ЖИВЫЕ ИГРУШКИ
В девяносто пятом году, когда из цепких когтей страну не выпускал дефицит, мама приехала из Улан – Удэ и привезла нам с сестрой две куклы. Одна была тонконогая с длинными жёлтыми искусственными волосами. А вторая толстенькая с короткой и пушистой копной таких же жёлтых волос. Первую отдали сестре, а вторую подарили мне. Помню, как сильно мы радовались этим красавицам.
Кроме этой куклы в моей игрушечной коллекции был тряпочный гном, которого я любила больше всего на свете. Больше конфет и больше своей новой куклы. Кукла поняла это и часто сидела в углу, молчаливая и смешная тогда, когда мы с гномом веселились и играли.
Когда на зимние каникулы меня и двоюродного брата Женьку отправили в Алянгу – на бурятский гурт, игрушек, видимо, из боязни, что могу потерять, мне с собой брать не разрешили. Я сидела в УАЗике и хныкала по этой причине. А Женька родители у которого жили на том гурту, сказал мне:
– Не плачь. У меня дома есть живые игрушки. Они умеют танцевать и разговаривать.
Я перестала хныкать и недоверчиво взглянула на него:
– Ты врёшь, не бывает таких игрушек.
– Бывает, – возразил он, глядя на меня честными глазами: – Вот приедем и увидишь.
Я смотрела на брата глазами полными слез, но уже окончательно успокоилась и почти забыла про оставленные дома игрушки, потому что в моей голове принялись болтать весёлые гномы и изящно танцевать розовые барби.
Однако, по приезде мы не обнаружили никаких игрушек, если не считать деревянного автомата, который вырезал Женьке дядя Слава, брат моей мамы и мамы Женьки.
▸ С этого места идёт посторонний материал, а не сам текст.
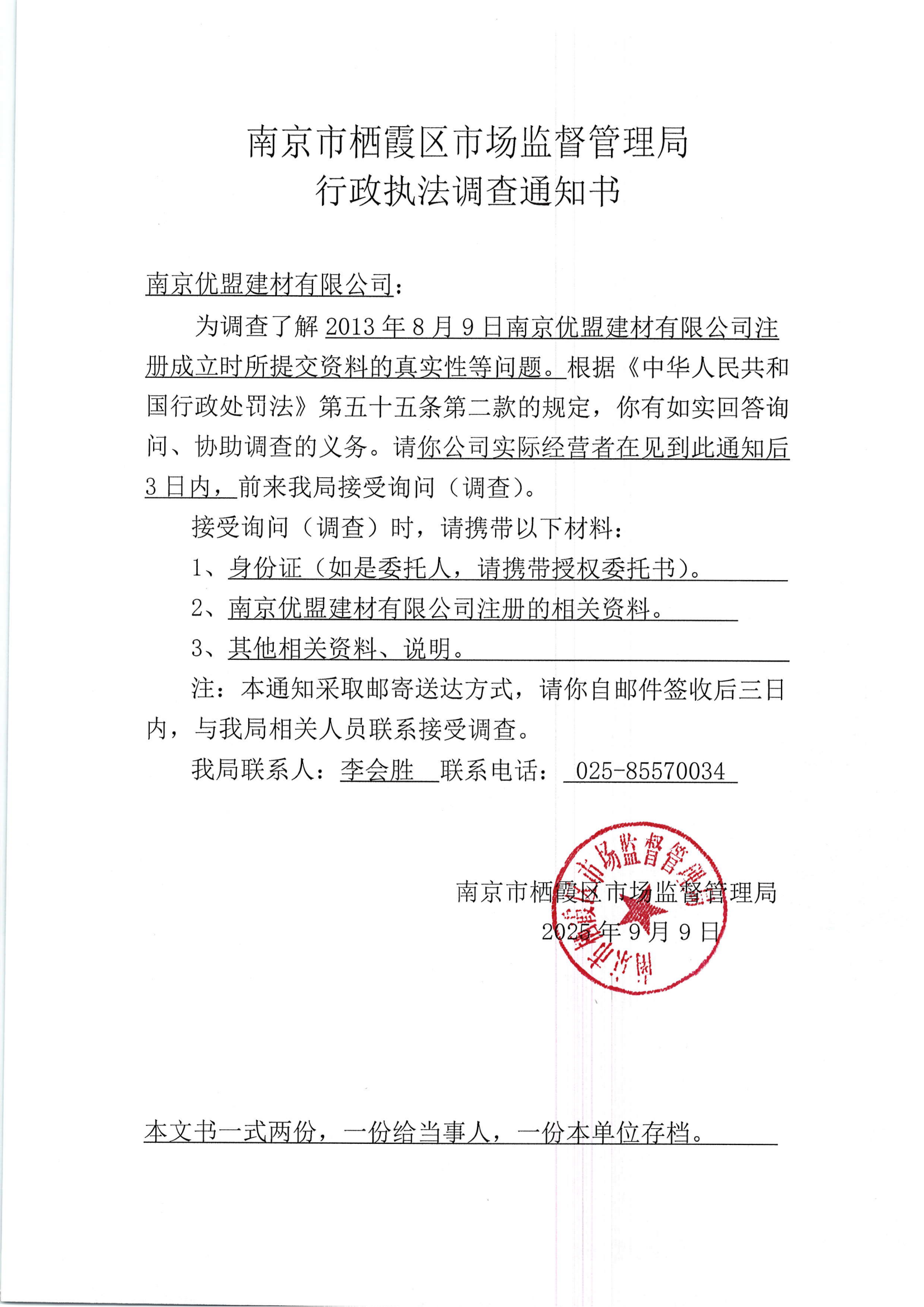 南京市棲霞區(qū)市場監(jiān)督管理局行政執(zhí)法調(diào)查通知書(南京優(yōu)盟建材有限公司)

Я почувствовала себя обманутой и снова заплакала. Надо сказать, в детстве я была той ещё плаксой. Взрослые решили, что я устала с дороги и уложили меня спать.
Прошло несколько дней, прежде чем Женька снова завёл разговор о своих живых игрушках.
Мы были на улице. Короткий день заканчивался. Зимнее солнце уже обошло полнеба и готовилось нырнуть за синие сопки гор. С озера по тропе к базе поднимался скот – напившись воды на водопое, коровы тяжело переваливаясь сбоку на бок, шли неспешной вереницей.
Женька сидел на верхней жердине забора, ноги в серых валенках упёр в нижнюю жердь. Забор и был таким: из верхней и нижней жердей, прибитых гвоздями к столбам, которые были вбиты в землю. Женька то и дело швыркал маленьким носом, гоняя сопли, и безостановочно болтал.
–… А я тебе не наврал, что здесь летом были живые игрушки. Наверное, потому что пришла зима, они все собрались и уехали в Хунгуру.
Я недоверчиво покосилась на него:
– Опять врёшь!
– Клянусь тебе! – воскликнул он. Я гляжу на него снизу вверх. Женька трёт варежкой дерево, очищая от снега.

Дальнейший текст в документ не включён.